И как много плодов уже созрело? — спросил в её голове Баз. Его голос звучал глухо, словно он говорил откуда-то издалека.
— Не знаю. Но точно, они уже начали спеть, — сказала Ева беспечно.
Не хочу тебя расстраивать, но это значит, что у нас уже нет времени.
— Что? — переспросила Эмма. — А, ты что-то поясняешь своему невидимому другу? Можно я? — она встала, протянула руку, и Ева отдала ей плод, что явно вызывал в этом лесу ажиотаж. Бабочки летели к нему со всех сторон. И держа его на вытянутой руке как олимпийский огонь, Эмма пошла с ним к деревьям.
И вместо того, чтобы потратить его на обучение, ты вынашивала чужого ребёнка, — расходился Баз как закипающий чайник.
— Ты не особо то и старался меня обучать, — Ева упёрла руки в боки как сварливая жена. — Ты тратил время на словесные перепалки, любование своей красноречивостью и черт знает что ещё. Ах, да, чуть не забыла: на плохие советы. Мне кажется, если бы не ты, я бы ни за что не поверила, что Дэн меня предал. И уж тем более, никогда бы не стала говорить этого вслух, зная, какой силой обладал мой голос. Но ты меня и об этом не предупредил.
А ты знаешь, что было БЫ, если БЫ ты этого не сделала? — спросил он, напирая на «бы», но даже не собирался ждать её ответ. — Не знаешь! Я тоже не много видел вариантов будущего, но этот видел. Там где Виктория забеременела не от Дэна, её даже просить не пришлось, так легко она избавилась от ребёнка. И мы проиграли. А в том, где ей не удалось его соблазнить, знаешь, что было там?
— Кого? Дэна или Арсения?
Никого. Ни Дэна, на Арсения, ни Феликса. Даже отчима трогать не стала. Знаешь, что было там?

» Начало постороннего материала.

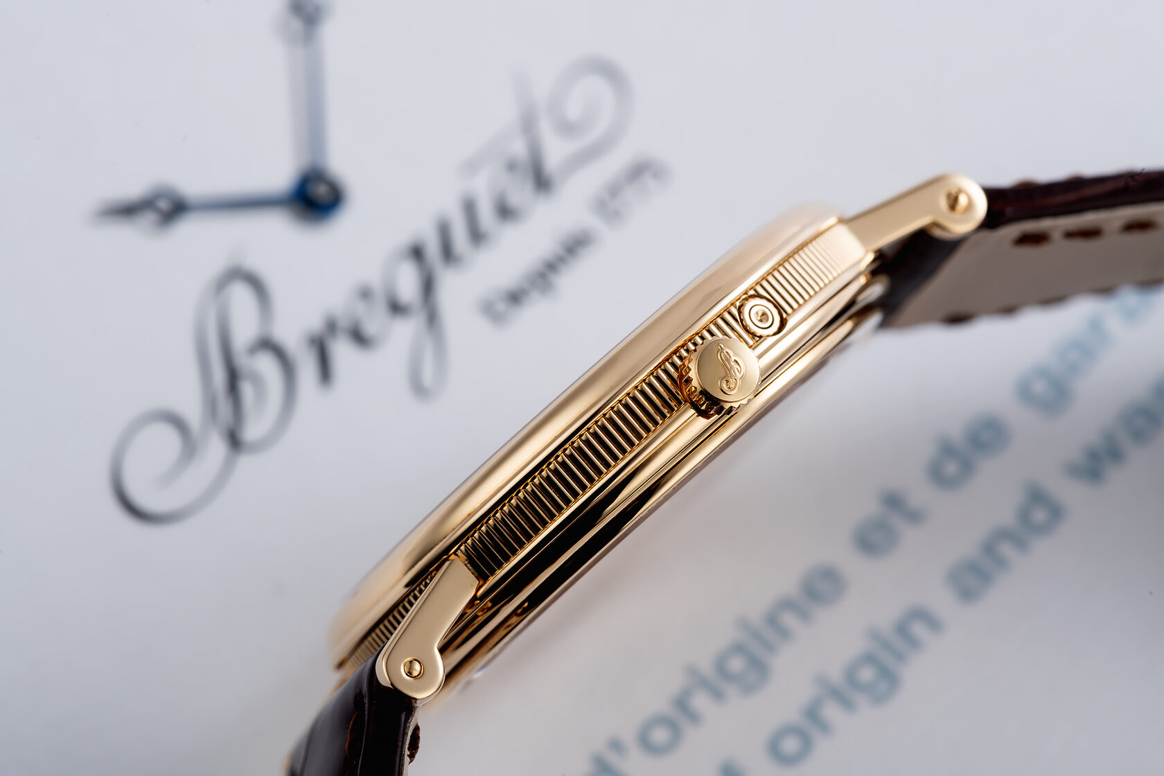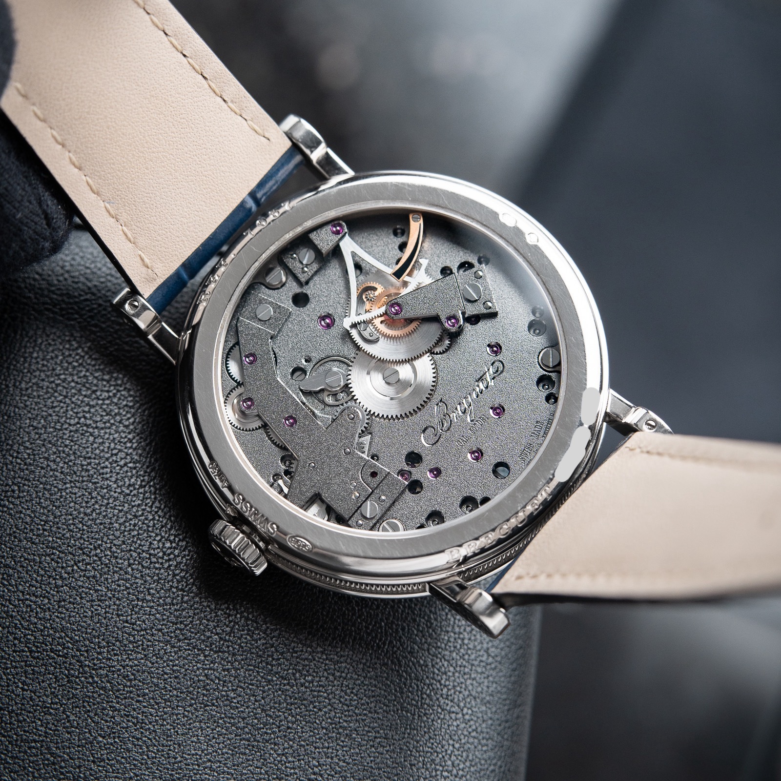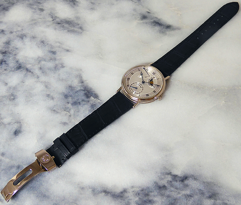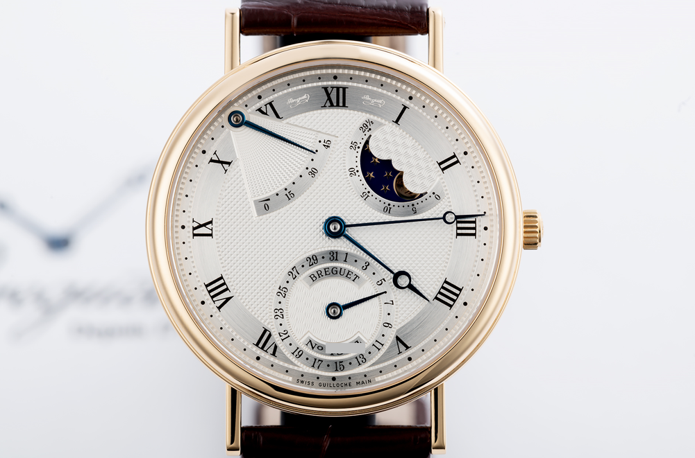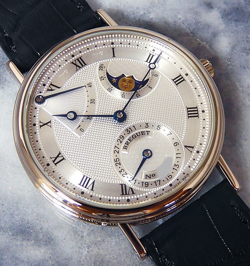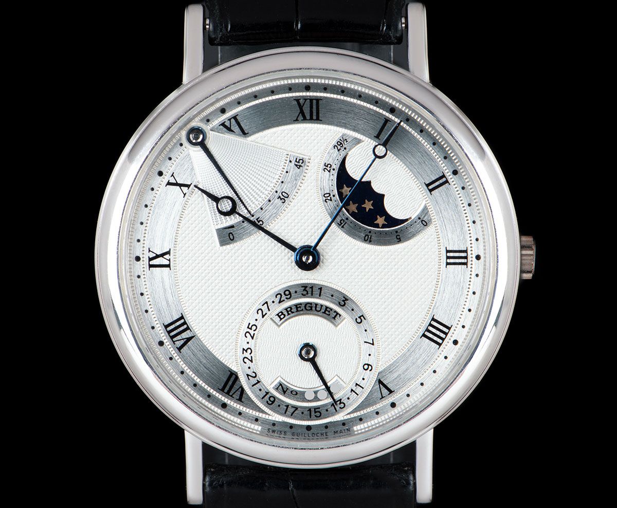 На гильошированном вручную посеребрённом циферблате отчетливо отображаются запас хода, дата и «хитрая» луна, а при ближайшем рассмотрении обнаруживается знаменитая секретная подпись Breguet.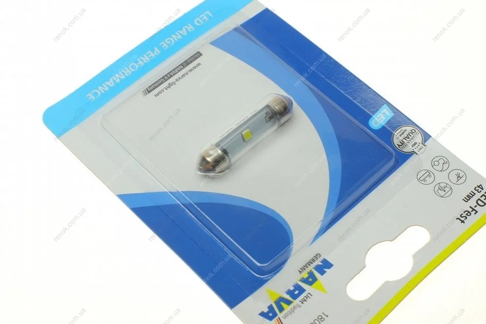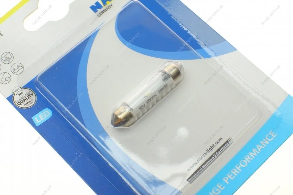 Автолампа 12V 0,6W SV8.5 (9.8x43mm) Festoon (LED) (блістер/1шт) NARVA 180804000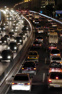 2007年北京市機(jī)動(dòng)車保有量突破300萬輛。圖為北京二環(huán)路上浩浩蕩蕩的車流。新華社發(fā) | 本報(bào)訊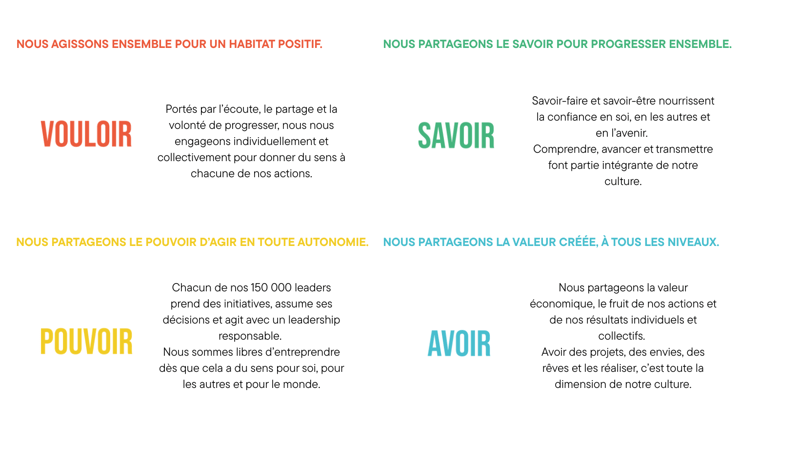Notre culture du partage que l'on tire de notre appartenance au groupe ADEO repose sur 4 piliers, le VOULOIR, le SAVOIR, le POUVOIR et l'AVOIR.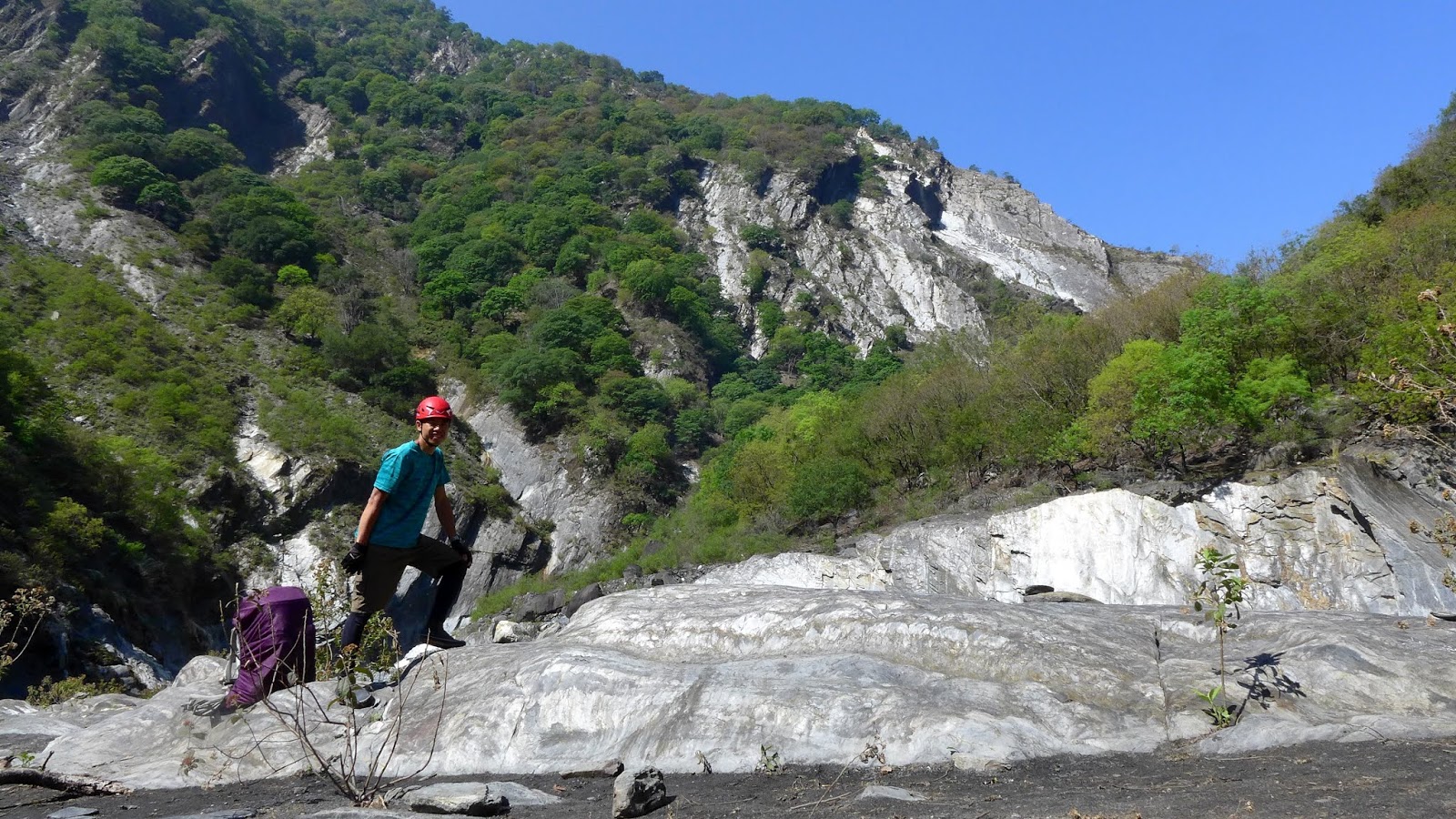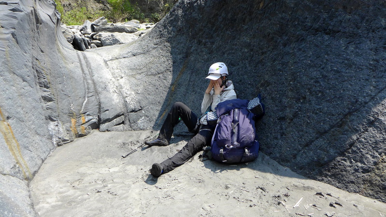 抵達10米瀑前找到一處地方休息,通過10米瀑後今天的關卡就告一段落了,10米瀑是因崩塌形成的,雖然有人留下扁帶,不過仔細探索一下,手腳點蠻明確的,就算不用繩也不難爬,經歷前面的峽谷,反而覺得這道10米瀑沒有特別困難。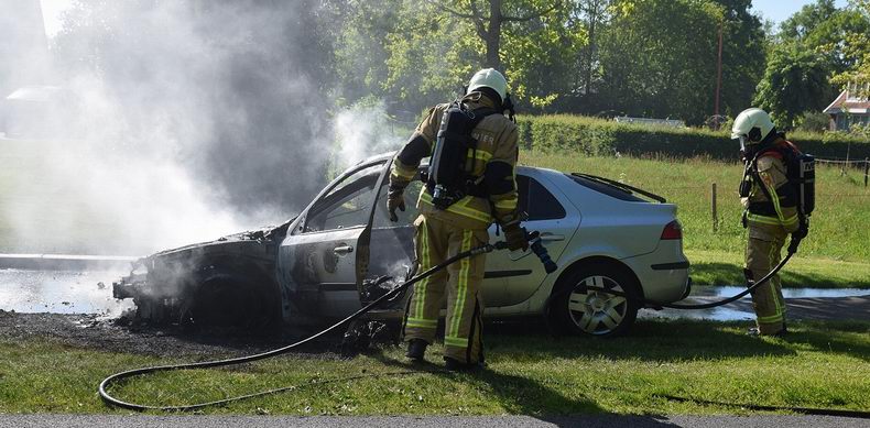 Een auto is zondagmiddag op de Vriezenveenseweg in Wierden helemaal uitgebrand. |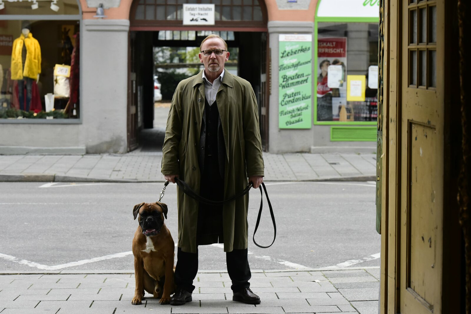 AusnahmezustandGisbert (Sigi Zimmerschied, l.) ist ein Urgestein aus Giesing, ein Seher, etwas verrückt. Doch Kommissar Schaller (Alexander Held, r.) kommt bestens mit dem möglichen Zeugen aus. Er weiß ihn zu verhören.Bild: © ZDF und Jürgen Olczyk.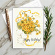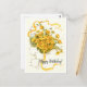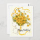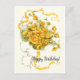 Cartão de aniversário antigo com flores amarelas vibrantes em um fundo floral decorativo.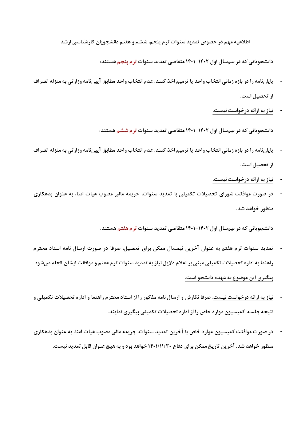 اطلاعیه مهم در خصوص تمدید سنوات دانشجویان کارشناسی ارشد ترم پنجم، ششم و هفتم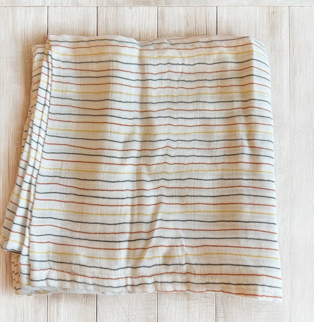 - A striped swaddle blanket with baby’s name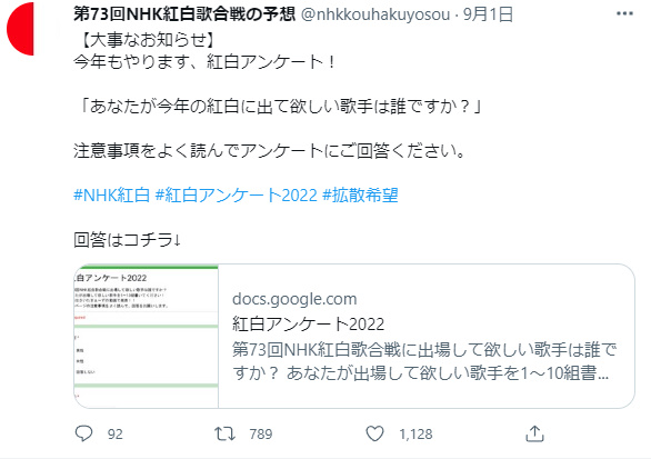 現在このような紅白に関するアンケートが出回っていますがYoutuberの方の予想アンケートであり...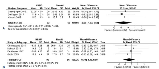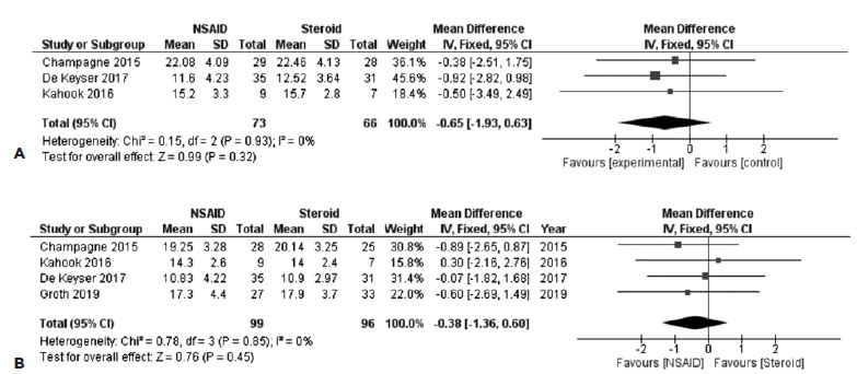 Three studies were combined in the analysis of discomfort 1-week post-SLT, including 90 and 94 subjects in the NSAID and steroid groups, respectively. No statistically significant difference was noted between the groups, with a [FE OR=0.86, 95% CI = (0.33, 2.25), PQ=0.66, I2=0% (Figure 7A)].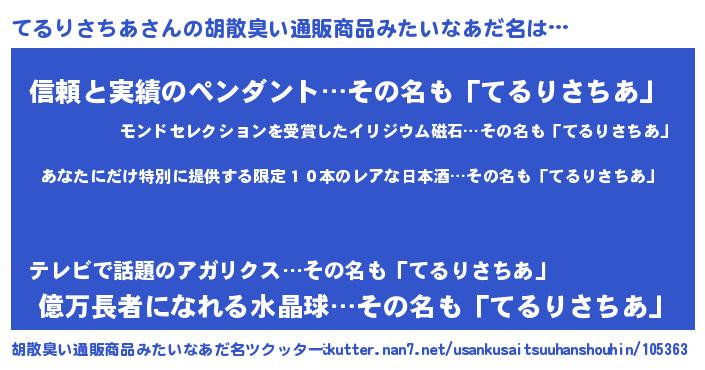 | 意味不明あだ名 | 『住所不定無職てるりさちあ(39歳)』 |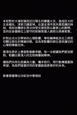 新會商會陳白沙紀念中學對大埔宏福苑火災之聲明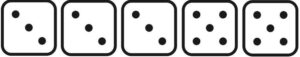 - fünf Würfel mit jeweils sechs Seiten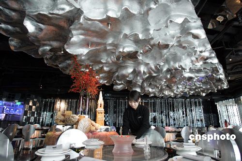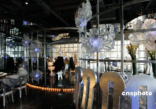 1月2日,坐落在上海時尚商圈地標“恒隆廣場”內的“TMSK牡丹66”餐廳,因環境新穎別致,受到時尚人士青睞。該餐廳為臺灣影后、“琉璃藝術家”楊惠姍在上海的又一力作,它讓食客在享用美味佳肴時,感受到琉璃光影的摩登以及獨有的“透明思考”。中新社發 潘索菲 攝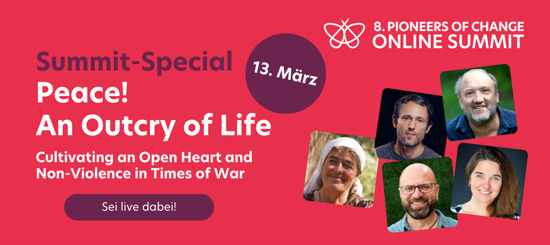 Der 8. Pioneers of Change Online-Summit findet vom 7. – 19. März statt. Mehr als 30 Mutmacher und Mutmacherinnen sind dabei – darunter auch die Tamera Gründer Sabine Lichtenfels und Dieter Duhm. Der Summit-Special ist “Peace! An Outcry of Life” am 13. März 2024, von 19:00 – 21:00 – live im englischen Original mit Synchron-Übersetzung. Es sprechen Sabine Lichtenfels, Sami Awad, Gabriel Meyer-Halevy, Charles Eisenstein & Kosha Joubert. Die Teilnahme ist kostenlos. Mehr Infos und Anmeldung hier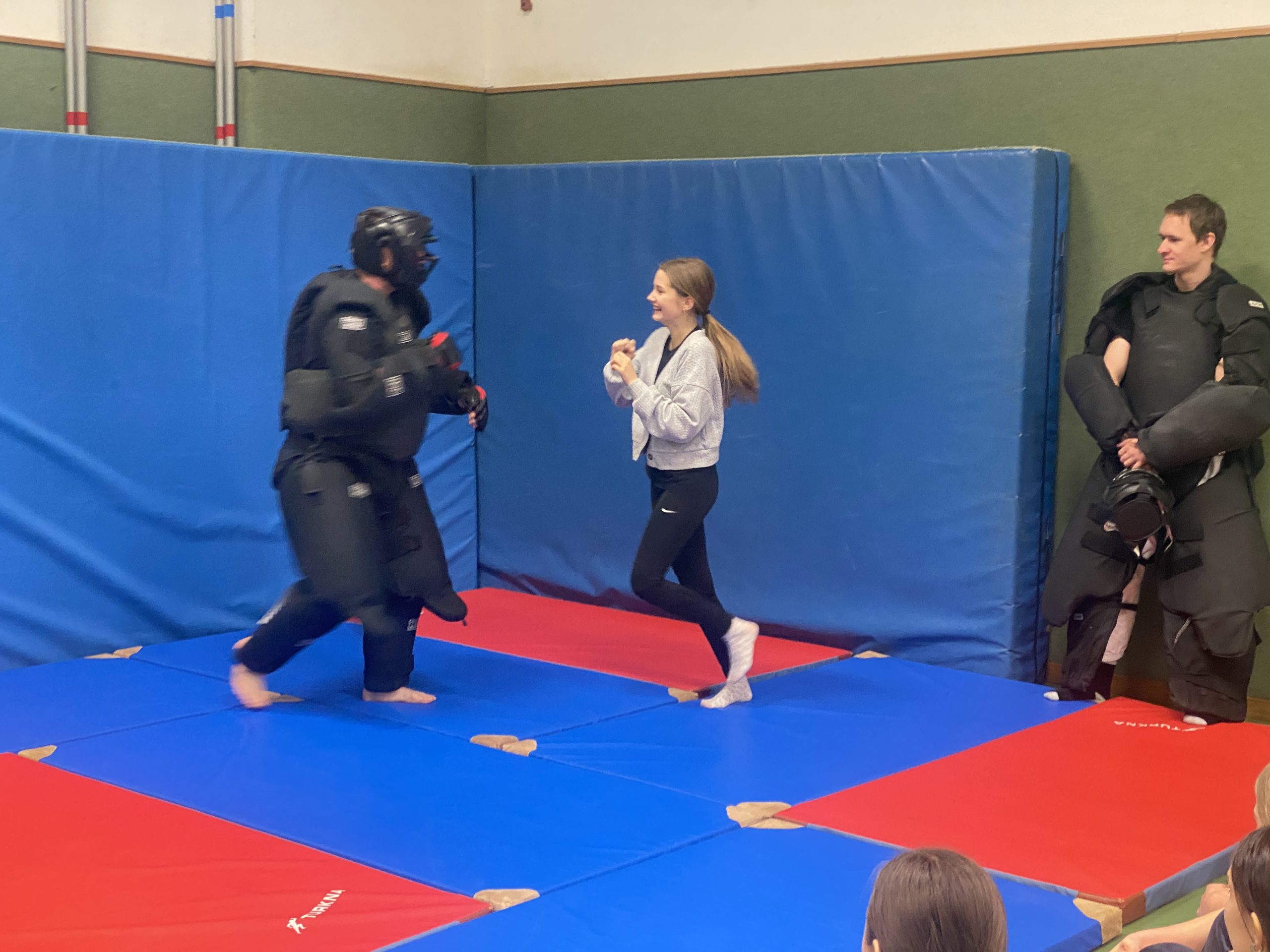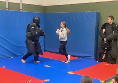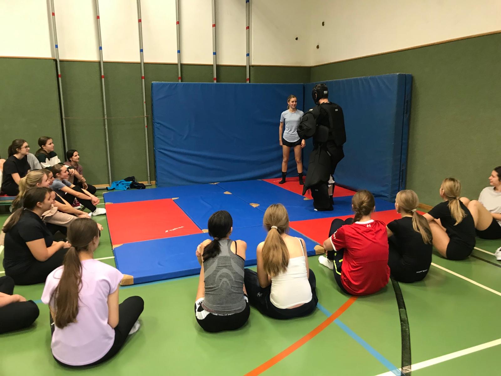 Im Rahmen des Sportunterrichts nahmen die Mädchen der 5AB an einem Selbstverteidigungskurs teil. Der Kurs wurde vom Verein Selbstverteidigung Innviertel durchgeführt und umfasste insgesamt vier Unterrichtseinheiten. Zwei erfahrene Trainer vermittelten den Schülerinnen praxisnahe Techniken zur Stärkung von Selbstbewusstsein, Aufmerksamkeit und Handlungssicherheit in Alltagssituationen.

Она мотнула головой, но вспомнила, что он её не видит и сказала: — Видимо, сейчас узнаю.
Да. Там Дэн будет сам предлагать ей переспать. Как тебе такой вариант событий? Именно его видела в своём предсказании её бабка. Где ей предложат лекарство, но она откажется. Помнишь что там дальше?
— Она умрёт.
Неееет, — протянул он. — Она не просто умрёт. Она откажется от лекарства, которое могло бы её спасти. Убьёт того, кого будет больше всех любить. И обманет Бога.
— Это же тебя она обманула, когда врала, что в её книгах ничего неинтересного нет?
Можно сказать и так. Тогда я думал именно так. Но оказалось всё намного, намного хуже.
— Она убьёт Дэна?
Она убила свою бабушку. И обманула Зевса.
— О, Господи! — Ева опустилась на траву.
Нет, не думай, что она такой уж монстр. Это получилось у неё нечаянно, но это сломало её.
— А Зевс то здесь при чём?
То есть наличие Аполлона тебя не удивляет, а Зевс вызывает вопросы? Всё при том же. Вся их древнегреческая бражка в этом замешана. Кстати о бражке. Когда эти плоды поспеют, а судя по всему, это будет скоро, их нужно собрать и приготовить из них напиток. Именно за рецептом этого зелья ваши парни сейчас пробиваются к тайнику Парацельса.
— Ты не ответил про Зевса, — напомнила Ева.
Зевс и все эти, будь они не ладны, олимпийцы, ждут когда Пророчица откроет Предел, чтобы снова стать для людей богами. А если не получится, то просто подчинить людей своей воле. И в том будущем Виктория пообещает ему это, но не сделает.
— И чем было плохо это будущее?
Святой Алонсо! Да всем! Это вообще был худший вариант из всех, что я видел.
— Ева! — звал её голос Эммы откуда-то издалека. — Ева, иди сюда!
И она хотела уже бежать, хотя по интонации Эммы не чувствовалось чтобы что-то случилось.
Стоять! — приказал ей Баз. — Тело! Запомни, главное правило: никогда не оставляй без присмотра своё тело! Потому что без него ты умрёшь!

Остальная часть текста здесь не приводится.